Loh Meei-ling (羅美玲 (Luó Měilíng); born 1 May 1969) is a Malaysian-born Taiwanese politician and educator. She was a member of the Nantou County Council from 2014 to 2020, when she was elected to the 10th Legislative Yuan. Lo followed Lin Li-chan as the second immigrant to Taiwan to serve as a member of the Legislative Yuan.
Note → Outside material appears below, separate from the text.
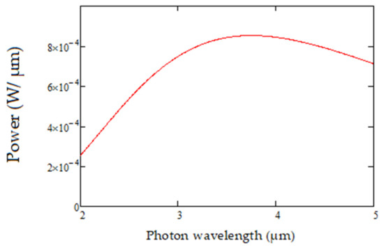 where h is the Planck’s constant, c is the speed of light, k is the Boltzmann’s constant and λ the wavelength of the electromagnetic radiation. The net source spectral radiant power is then estimated at a specific source temperature TS, by integrating the total black body radiation over the whole area of the micro hot plate. It is modeled as shown below in Figure 6.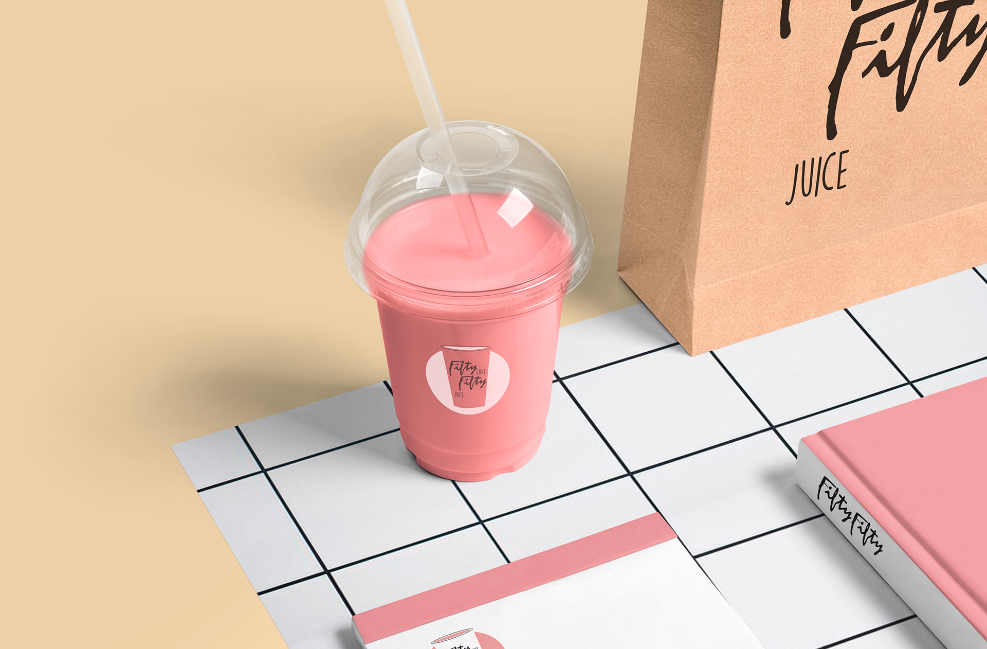 Fifty-Fifty, a tea room with a menu made up of 50% cakes and 50% fruit juices. Each cake is made to match the fruit juice that goes with it.

==Early life and education==
Lo was born in Malaysia on 1 May 1969. She attended Pay Fong Middle School before immigrating to Taiwan in 1987 to study geography at National Taiwan Normal University, where she graduated with a Bachelor of Arts in the subject. Lo then earned a Master of Business Administration (M.B.A.) from Providence University and a Ph.D. in finance from the National Changhua University of Education. Her doctoral dissertation was titled, "A study of biases in cross-strait primary school textbooks: Taiwan and mainland China" (Chinese: 兩岸小學語文教科書之世界觀研究). She acquired Taiwanese citizenship through marriage to a Taiwanese national.

==Political career==
Lo was elected to the Nantou County Council for the first time in 2014, as a political independent. She joined the Democratic Progressive Party for the 2018 election cycle, and was reelected. As a member of the county council, she advocated for the elderly living in low-income households. In November 2019, she was ranked fourth on the DPP party list, and won election to the 10th Legislative Yuan via proportional representation.

In May 2020, Lo advocated for stricter laws on fire safety. In November of that year, she founded a coalition to offer support for immigrants to Taiwan. In March 2021, Lo proposed that rescue services operate on a user-pay principle to dissuade unprepared tourists from visiting mountainous areas. In August 2021, she drew attention to suicide rates among adolescents, and advised that the Ministry of Education employ more guidance counselors as part of its suicide prevention efforts. That same month, she held a joint press conference regarding animal welfare and living conditions at pet shops and breeders. In October 2021, Lo proposed a basic law regarding the low birth rate in Taiwan. She continued advocating for children, expressing concern in the following month that the internet made minors more susceptible to sexual exploitation and abuse. In March 2022, Lo suggested that Article 31 of the Laws and Regulations Regarding Hong Kong & Macau Affairs be amended to prevent Chinese companies from claiming foreign or Hong Kong funding while doing business in Taiwan. During the 2022 Taiwanese local elections, she led the DPP campaign messaging efforts targeting immigrants and naturalized citizens.

Lo was the fifth candidate listed on the DPP party list for the 2024 legislative election cycle. In the 11th Legislative Yuan, Lo established the Taiwan-Malaysia Inter-Parliamentary Amity Group and an association advocating for the rights of new immigrants to Taiwan.